TASK MATERIAL:
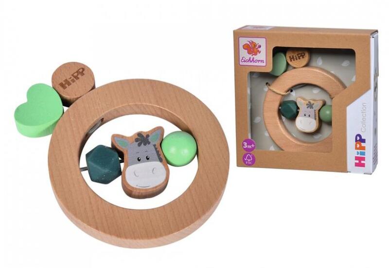 Az Eichhorn Hipp Collection fa csörgő egy bájos és szórakoztató játék, amelyet kifejezetten csecsemőknek és kisgyermekeknek terveztek. A fa csörgő hangot ad ki, amikor a csecsemő rázza. Az aranyos szamár díszítés és a szép, pasztell színek pedig további vizuális és érzékszervi ingereket nyújtanak.  A csörgő minőségi fa anyagból készült , amely biztonságos és természetes a gyermekek számára. A játékfa csörgő segít fejleszteni a csecsemők finommotoros képességeit, kéz-szem koordinációját és érzékszerveit.
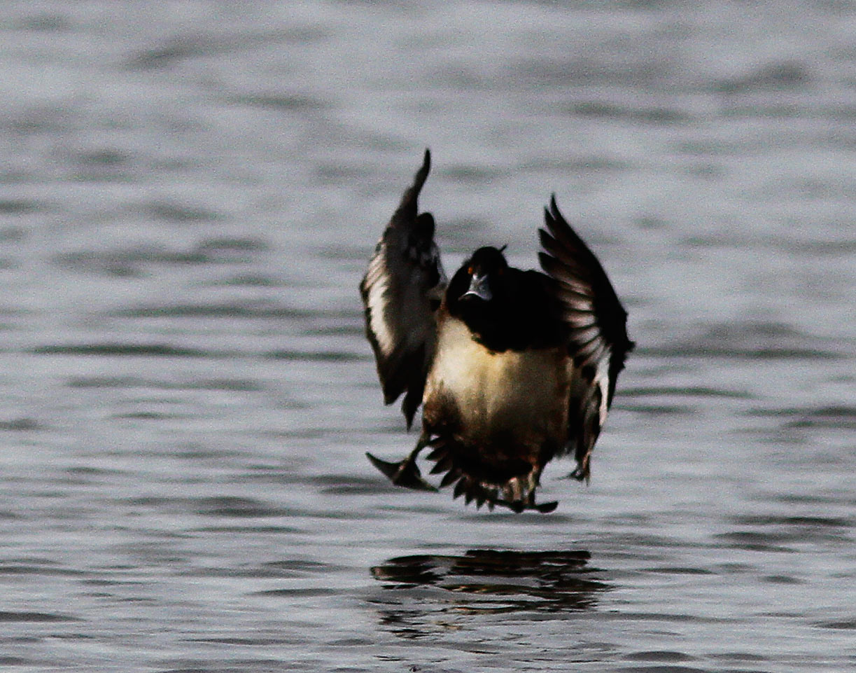 På dette foto ses igen de tegninger på næbbet der fik mig til at reagere, hvilket også ses på de andre fotos. Her ses dog at fuglen tilsyneladende har en lang top i nakken, samt et tydeligt hvidligt vingebånd, dette passer ikke på en ren Halsbåndstroldand, men kan passe på en hybrid.
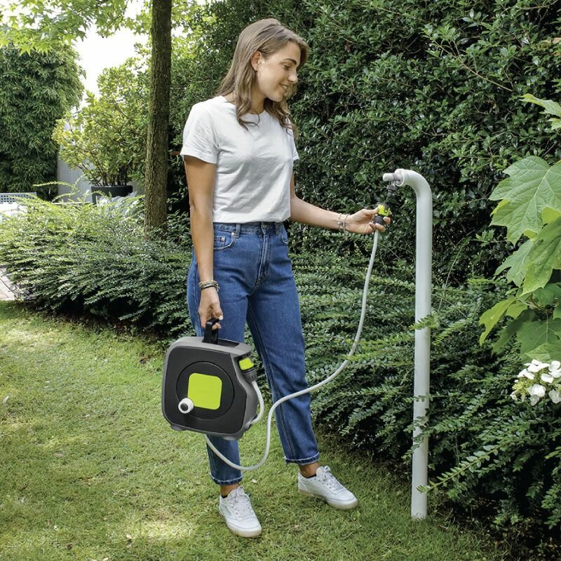 De GF Aquabag slanghaspel is speciaal ontworpen voor gebruik in kleinere buitenruimtes zoals balkons, terrassen en compacte tuinen. Door het handige draagbare ontwerp kun je gemakkelijk bewegen tussen verschillende plantenzones zonder de hele slang te moeten verplaatsen. Het sproeipistool met 8 verschillende functies stelt je in staat om de waterstraal aan te passen aan de behoeften van verschillende planten - van een zachte nevel voor delicate bloemen tot een krachtigere straal voor het reinigen van tuinmeubilair of het besproeien van moeilijk bereikbare planten.
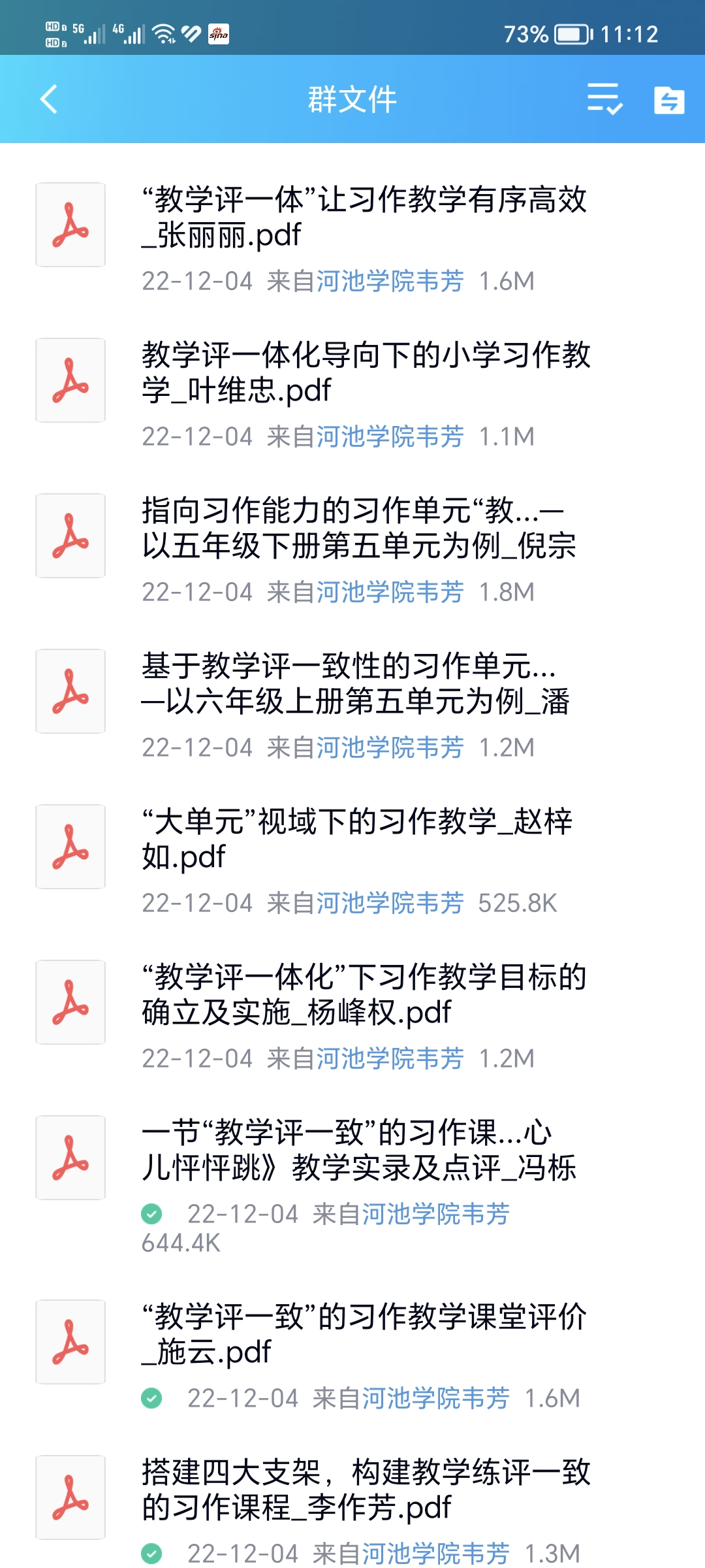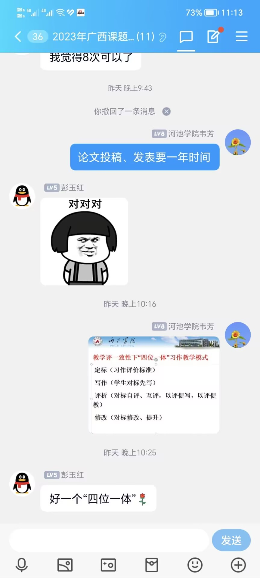 开题报告论证会后,韦芳教授利用宜州区实验小学课题组QQ群、微信群平台,拓展课题组教师学习空间,发送课题“教学评一致”相关教学论文与实践案例资源,线下引领课题组构建“教学评一致性下‘四位一体’习作教学模式”。课题负责人彭玉红在线上交流时表示,有了高校的引领,我们的研究有了方向,我们将一往无前。
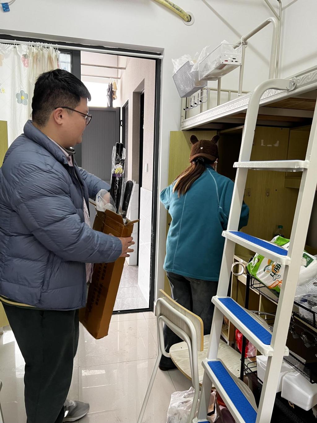 林学系教务科科长俞群老师仔细查看了宿舍里的设施设备,对存在的问题及时协调相关部门进行解决,确保同学们能够住得舒心、安心。并温馨提醒学子们注重饮食健康,确保体质强健,注意个人卫生和安全,遵守学校的规章制度,共同营造一个和谐、文明、安全的校园环境。在遇到困难时要向老师和辅导员反映。
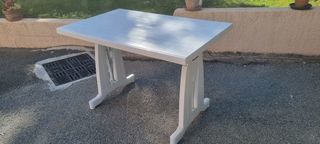 Particulier vends table de terrasse pliante en PVC Blanc en très bon état aspect et fonctionnel. Cette table est équipée de deux rallonges de 25 cm, stockées sous la table. Dime
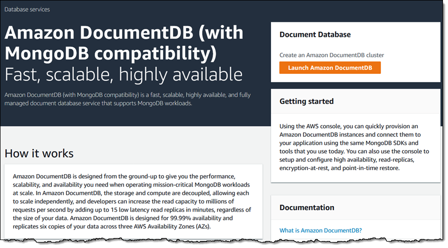 新增功能 – Amazon DocumentDB(兼容 MongoDB):快速、可扩展、高度可用
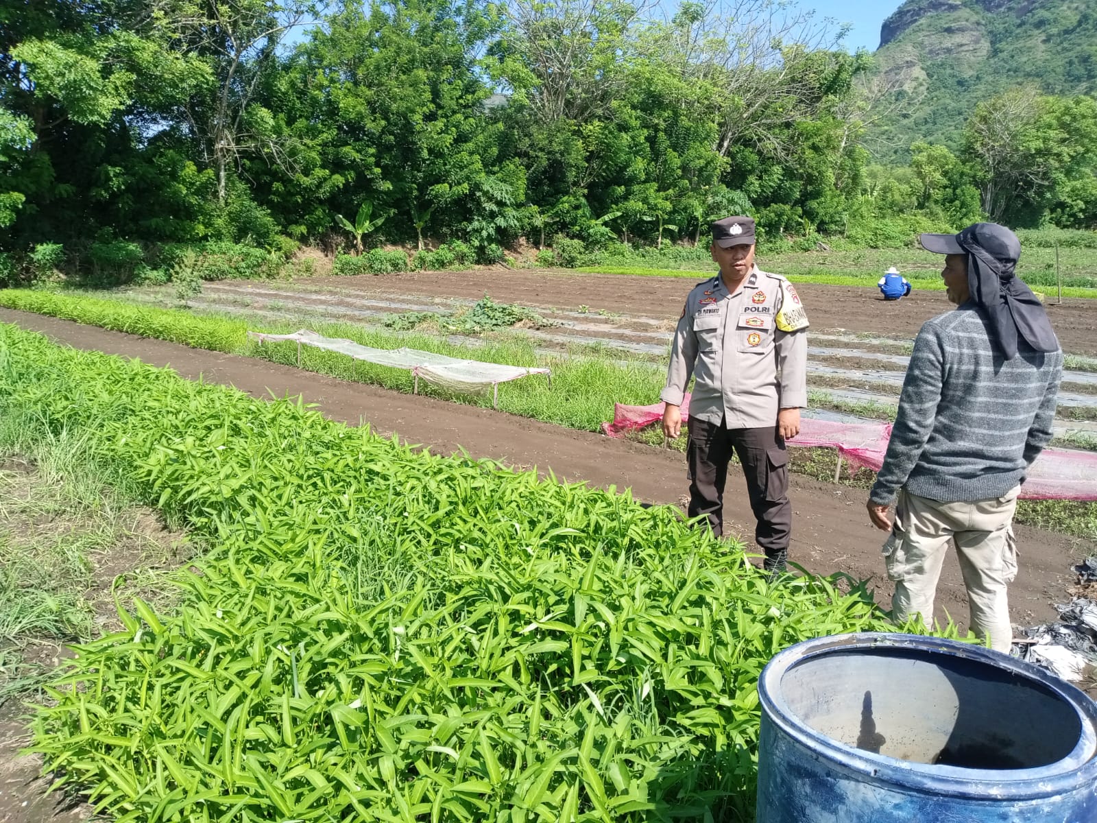 Bhabinkamtibmas melakukan pengecekan kondisi tanaman sekaligus memberikan arahan mengenai pemeliharaan yang efektif dan memberikan motivasi kepada warga agar terus memanfaatkan pekarangan sebagai sumber pangan keluarga.
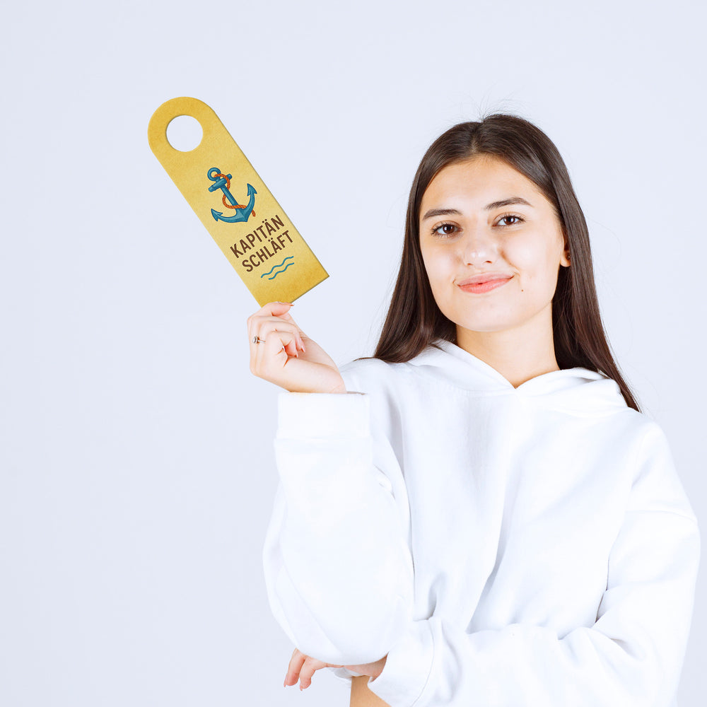 - Dieser Türhänger ist ein maritimes Highlight! Mit einem blauen Anker auf gelbem Hintergrund und einem Segelboot auf hellblauem Hintergrund, wird der nautische Traum wahr. Der Vintage-Stil und der Spruch "Kapitän schläft, Kajüte frei" in frecher Schrift machen ihn zu einem echten Hingucker.

HOW TO COMPLETE THIS TASK: Copy nothing but the lines above that run from the one with "De GF Aquabag" to the one with "Bhabinkamtibmas melakukan pengecekan", ends included; pictures stay out.

PROBLEM SOLUTION:
 De GF Aquabag slanghaspel is speciaal ontworpen voor gebruik in kleinere buitenruimtes zoals balkons, terrassen en compacte tuinen. Door het handige draagbare ontwerp kun je gemakkelijk bewegen tussen verschillende plantenzones zonder de hele slang te moeten verplaatsen. Het sproeipistool met 8 verschillende functies stelt je in staat om de waterstraal aan te passen aan de behoeften van verschillende planten - van een zachte nevel voor delicate bloemen tot een krachtigere straal voor het reinigen van tuinmeubilair of het besproeien van moeilijk bereikbare planten.
 开题报告论证会后,韦芳教授利用宜州区实验小学课题组QQ群、微信群平台,拓展课题组教师学习空间,发送课题“教学评一致”相关教学论文与实践案例资源,线下引领课题组构建“教学评一致性下‘四位一体’习作教学模式”。课题负责人彭玉红在线上交流时表示,有了高校的引领,我们的研究有了方向,我们将一往无前。
 林学系教务科科长俞群老师仔细查看了宿舍里的设施设备,对存在的问题及时协调相关部门进行解决,确保同学们能够住得舒心、安心。并温馨提醒学子们注重饮食健康,确保体质强健,注意个人卫生和安全,遵守学校的规章制度,共同营造一个和谐、文明、安全的校园环境。在遇到困难时要向老师和辅导员反映。
 Particulier vends table de terrasse pliante en PVC Blanc en très bon état aspect et fonctionnel. Cette table est équipée de deux rallonges de 25 cm, stockées sous la table. Dime
 新增功能 – Amazon DocumentDB(兼容 MongoDB):快速、可扩展、高度可用
 Bhabinkamtibmas melakukan pengecekan kondisi tanaman sekaligus memberikan arahan mengenai pemeliharaan yang efektif dan memberikan motivasi kepada warga agar terus memanfaatkan pekarangan sebagai sumber pangan keluarga.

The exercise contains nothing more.